Every year at Christmas I would get a brand new box of Crayola crayons, a rainbow of shiny factory points so full of possibilities.  I guessed my mother bought the 48 pack size because it conveniently slid into the stocking. It didn’t matter to me that the other kids got the giant 64 pack because in my day 48 still had the sharpener on the back.  This set was all I needed to be creative. 

Once,  I remember being quite upset, I didn’t get my crayons.  When I cried, my mother said, "Come on Susan, you are 40!"

A recent statistic claims that 17 billion dollars was spent marketing stuff to children.  This goes beyond toys and computers into the art supply category. Step into Michael's and see what I mean. So much stuff. Christmas all spread everywhere even before Thanksgiving. Kits and coupons and sales. It makes my head spin.

So if you are buying artsy stuff for a young architect or artist , here is my advice. Remember the  words of the famous architect Mies van der Rohe who said, "Less is more".  I doubt he meant a shopping spree to Michael’s or a child’s Christmas list. Still, the words may keep your head from spinning and help you navigate through the marketing.  Kids really don't need a lot of stuff to be creative.

Here is my very best advice ever:

  • Make art a part of your life.
  • Buy original art. It isn't as cost prohibitive as you may believe.
  • Truly you should never outgrow art making. 
  • Adult coloring is all the rage with lots of sets available from the dollar stores to the high end art supplies.  
  • Coloring is scientifically proven to improve brain functions and ease anxiety.
  • Color doodle or look at something pretty everyday.

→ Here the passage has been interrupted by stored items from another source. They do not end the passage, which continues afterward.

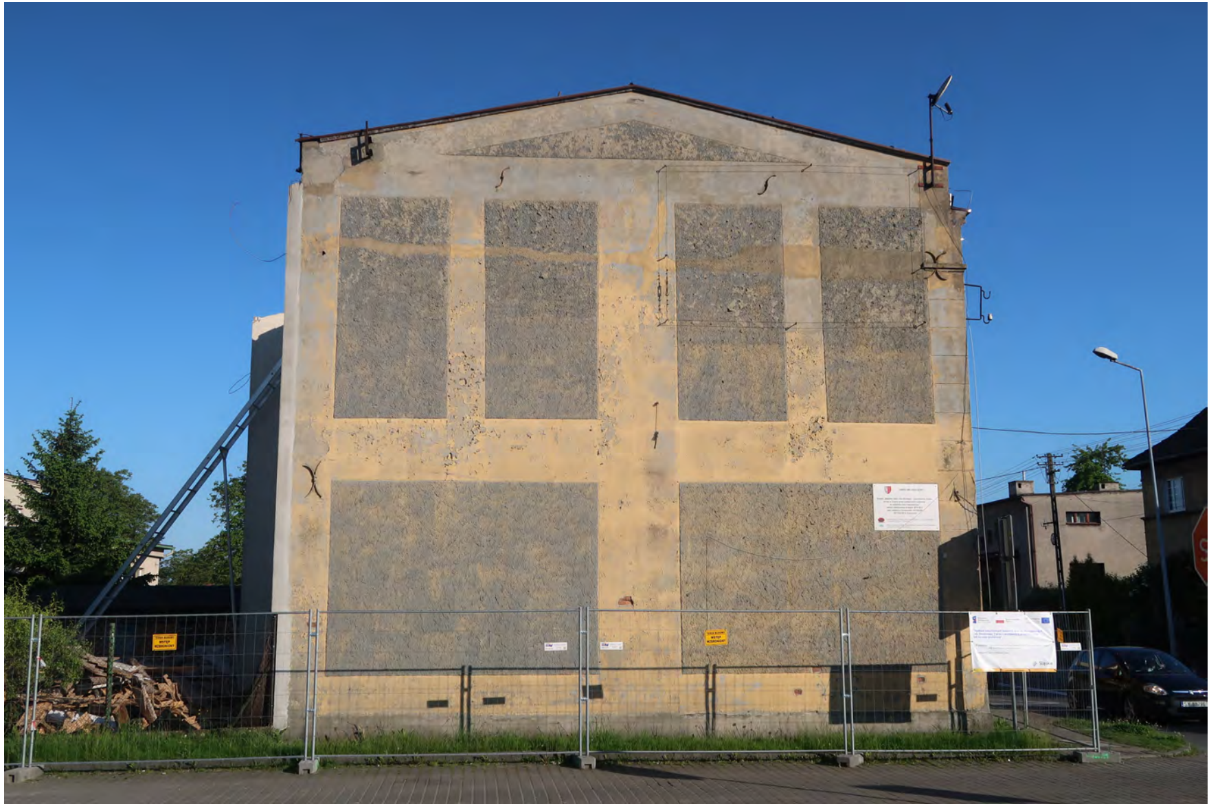
Stan obecny elewacji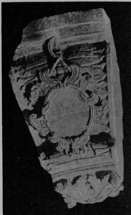
NUMERO 302. (Fot. n. 386).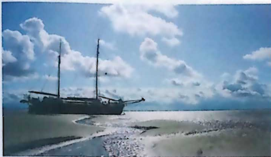
Die „Veränderung“ dient als Klassenraum für das Wetterseminar.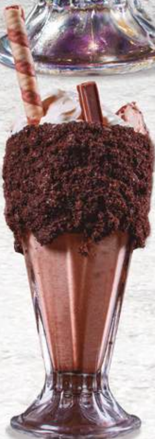
Monstruo de Chocolate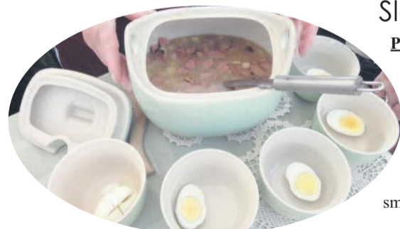
Żur najlepiej smakuje z jajkiem gotowanym na twardo.

Wszystko razem wymieszać, doprawić solą i pieprzem, skropić lekko octem i ponownie wymieszać.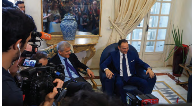
Il presidente Alberto Cirio si è insediato dopo il saluto con l'uscente Sergio Chiamparino, alla presenza di molti giornalisti e fotografi

«Grande emozione. Presto la Giunta e subito al lavoro per il Piemonte»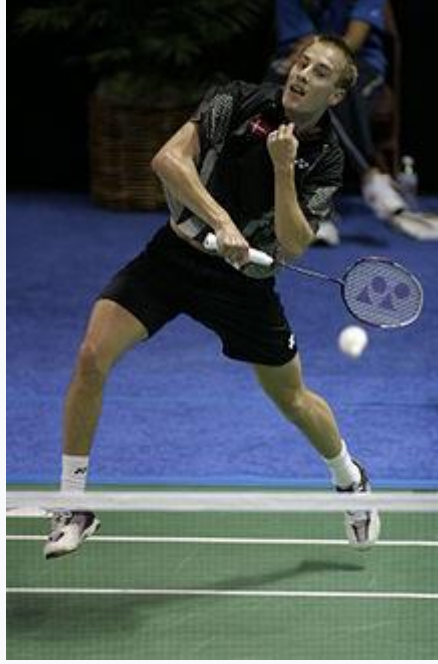
Danimarkalı Olimpik tüytop oyuncusu Peter Gade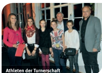
Athleten der Turnerschaft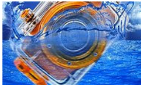
Her Yolculuğunuza Eşlik Etmesi İçin Tasarlanmış 11 Minik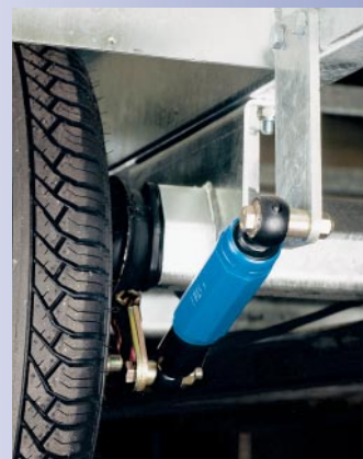
Asschokbreker gemonteerd (optie)

De aluminium borden ten slotte bieden naast het geringe gewicht nog één groot voordeel. Aluminium verkleurt niet, zelfs niet na jarenlang intensief gebruik. Zo blijven onze aanhangwagens er altijd netjes uitzien. Kortom: met aanhangwagens van Anssems mag u gezien worden!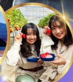
บุฟเฟต์ สดอเบอร์รี่ เก็บสดจากต้น

45,919 ราคา เดียว บาท รวมภาษีมูลค่าเพิ่ม 7%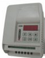
4651 - Inversor de frequência entrada bifásica/trifásica saída trifásica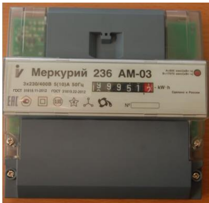
Рисунок 1 – Внешний вид счётчиков «Меркурий 236АМ-0Х»

Счётчики с жидкокристаллическим индикатором (ЖКИ) являются многотарифными и выпускаются с внешним или внутренним тарификатором и предназначены для учёта активной энергии прямого направления или активной энергии прямого направления и реактивной энергии прямого и обратного направления (таблица 2)

Here is my list of what to buy kids:

  • a good smaller count set of colored pencils . They all are sold on Prisma Colors but they aren't what they used to be and  Derwent or Faber-Castell are good too. I'd opt for the water soluble type for twice the fun.
  •  a colorless blender for the colored pencils. Looks like a pencil but is a clear wax and it is what gives any colored pencil that professional blended paint like look.
  • a set of pencils with varying weights. You know standard number two pencil but the kids know that artists' pencils go up to 8 for great shading and value scale.
  • Lyra graphite stick. Looks like a jumbo crayon. It is a giant pencil in various weights. Get the water soluble type. If your child has taken a class with me, they know how to use it and  love it.
  • one good pad of mixed media paper. This heavy duty stock can be used with paint , pencil, pastel, markers , and even crayons.
  • AVOID the kits with 100 pieces or more. Artsy kids can already tell the difference and will be dissatisfied with the quality. Here there really is a difference.

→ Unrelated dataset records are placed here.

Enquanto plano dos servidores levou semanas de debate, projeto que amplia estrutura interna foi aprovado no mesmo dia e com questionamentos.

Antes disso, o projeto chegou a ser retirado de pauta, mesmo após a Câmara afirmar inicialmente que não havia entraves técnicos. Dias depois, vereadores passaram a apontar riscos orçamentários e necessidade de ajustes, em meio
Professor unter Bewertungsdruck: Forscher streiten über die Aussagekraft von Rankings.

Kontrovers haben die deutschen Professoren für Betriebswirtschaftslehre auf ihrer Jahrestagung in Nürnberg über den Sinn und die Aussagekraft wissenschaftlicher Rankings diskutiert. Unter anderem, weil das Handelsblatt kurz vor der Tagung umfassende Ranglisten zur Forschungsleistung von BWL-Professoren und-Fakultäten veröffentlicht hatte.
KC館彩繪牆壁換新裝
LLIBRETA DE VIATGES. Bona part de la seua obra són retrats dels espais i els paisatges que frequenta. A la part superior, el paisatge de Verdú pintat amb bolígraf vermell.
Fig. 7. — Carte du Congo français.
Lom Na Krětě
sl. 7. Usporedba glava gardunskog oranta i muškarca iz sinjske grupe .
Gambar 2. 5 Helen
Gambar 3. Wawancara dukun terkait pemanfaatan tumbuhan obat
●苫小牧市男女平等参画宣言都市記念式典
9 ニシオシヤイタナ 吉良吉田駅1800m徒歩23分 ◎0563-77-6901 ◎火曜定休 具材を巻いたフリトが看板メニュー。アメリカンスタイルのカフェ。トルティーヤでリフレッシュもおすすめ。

Here are my few exceptions to the " less is more " rule:

  • Lots of paper. Pads, reams, or packs . Paper as opposed to a fancy sketchbook because the sketchbook can be intimidating .   A piece from a pad of paper can be ripped off and tossed away if the child is  dissatisfied with the work .  I try to teach them to save their work and work on their mistakes when we are learning. But it is also very beneficial to have a lot of paper they can tear through without any pressure to perform .  Lots of paper facilitates my philosophy about not being afraid to try and experiment . You have to make a lot of art before you make your masterpiece.  

Here is one FYI warning:

  • The big trend is Copic Markers. They are pricey and sold separately.   You’ll see a big sad face if they get the off brand . I am not sure that the quality is any better but Copic is the new status symbol especially at some schools. If your child is really into animea, manga, or character development, illustration, or fashion then you might want to invest. But if they are just enticed with the hype, your money will be better spent elsewhere. 

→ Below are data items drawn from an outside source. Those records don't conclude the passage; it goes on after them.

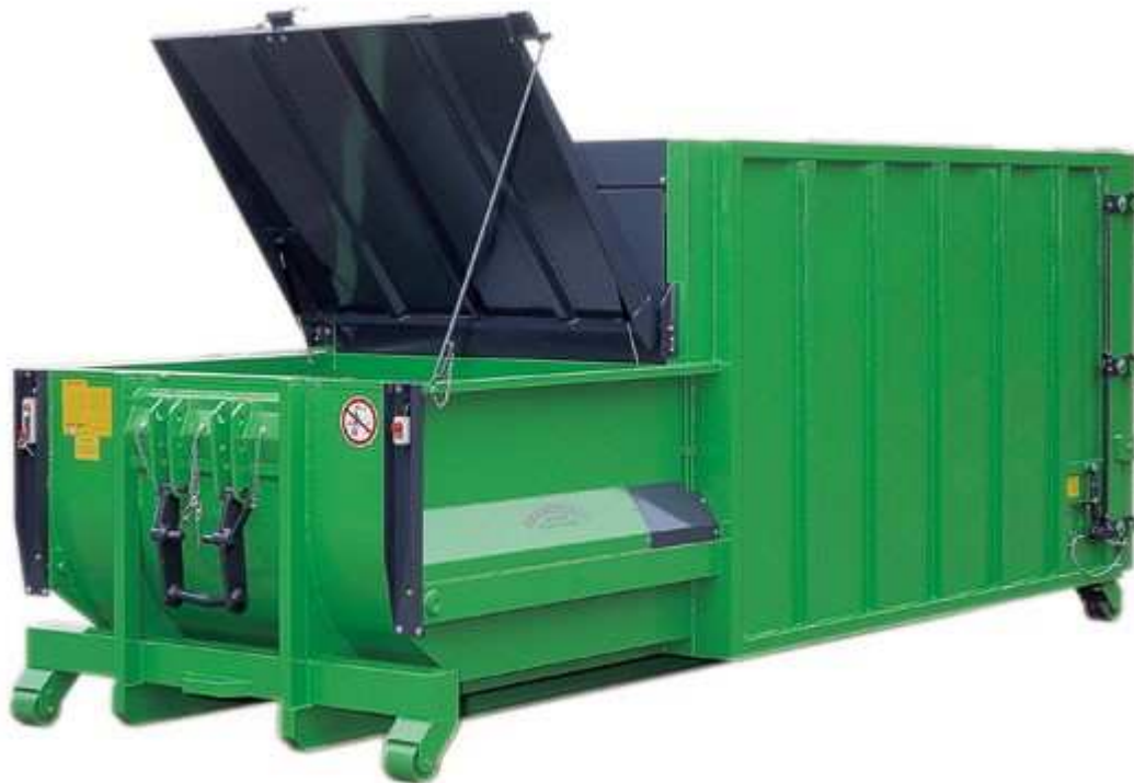
Mobil Hydraulisk komprimator med unikt självrensande inkast .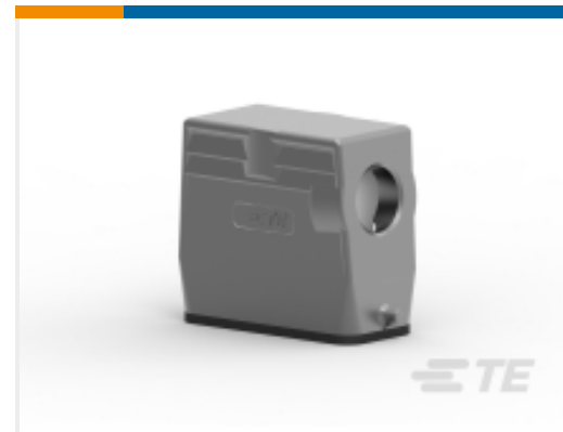
TE 产品编号T1319100120-000 H10A-TS-M20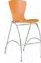
▶ 105 BINGO HOCKER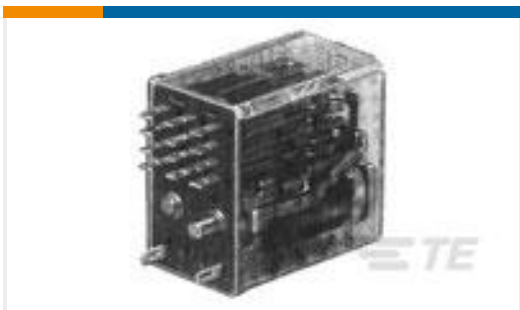
TE 产品编号3-1393766-0 R10-E1Y1-SS220=R10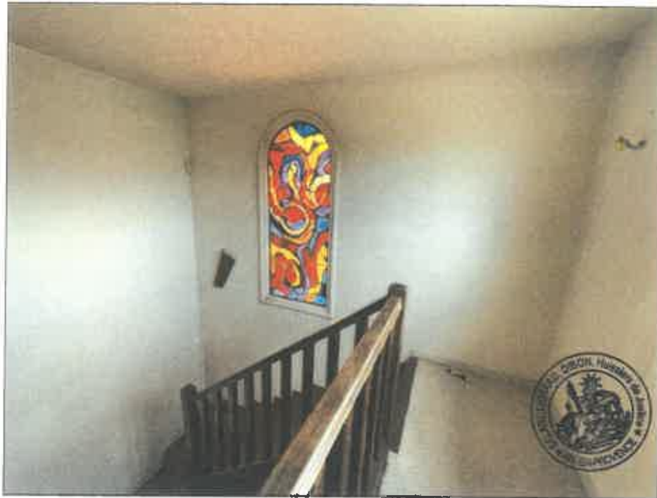
52. (02/06/2023 14:31:59)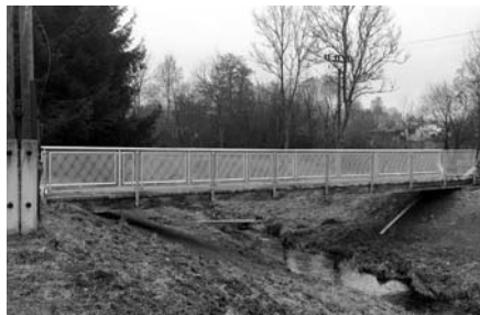
LÁVKA NA MORAVU I DO ČECH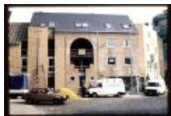
Huis (Dia container 26_3865)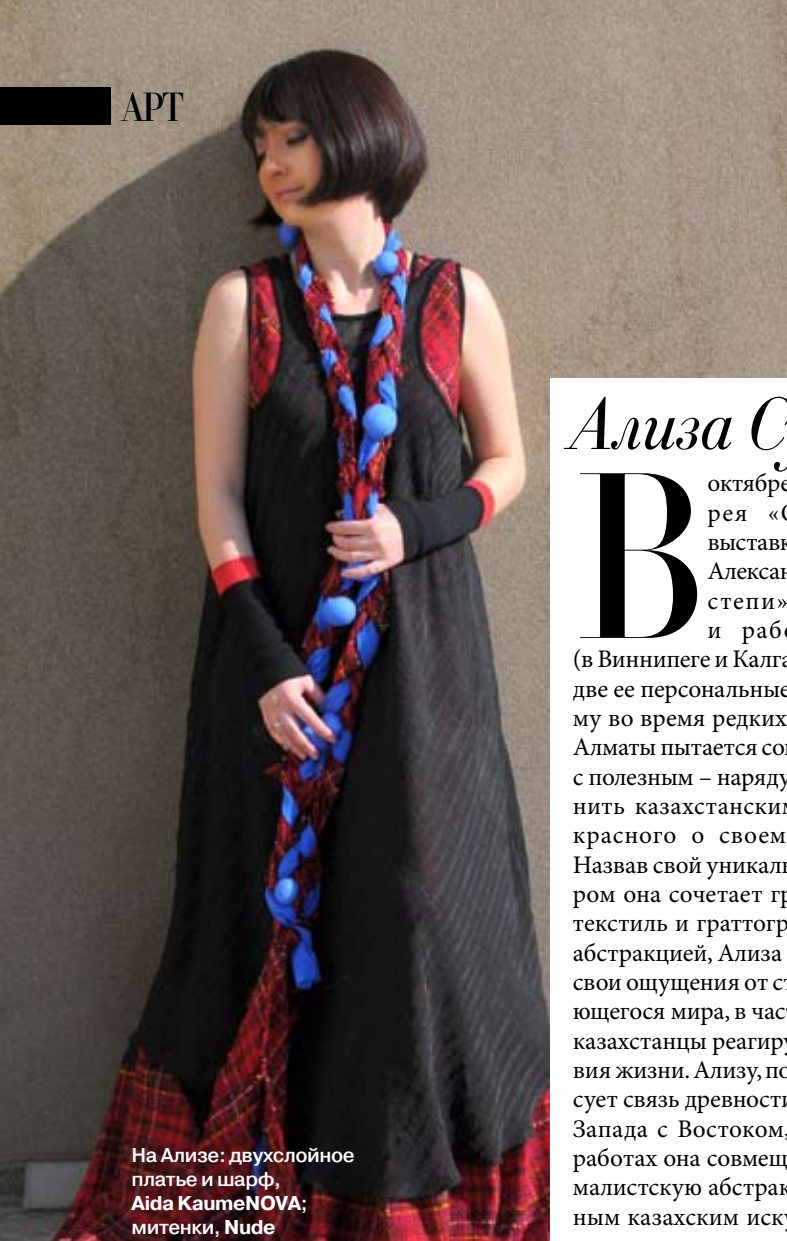
На Ализе: двухслойное платье и шарф, Aida KaumeNOVA; митенки, Nude

Here is my plug for Shop Local, Buy Local. Support Small Business:

  • Avoid the long lines, crying children, coupons, and  gimmicks. 
  • Shop Artist and Craftsman Supply. They are 100% employee owned.
  • Consult with the staff who are knowledgable and are typically artists or craftspeople who really use the stuff they sell.
  • You can buy a $20 tax deducible membership to the Halsey for your K-12 student which gets you a year long discount on supplies at A&C.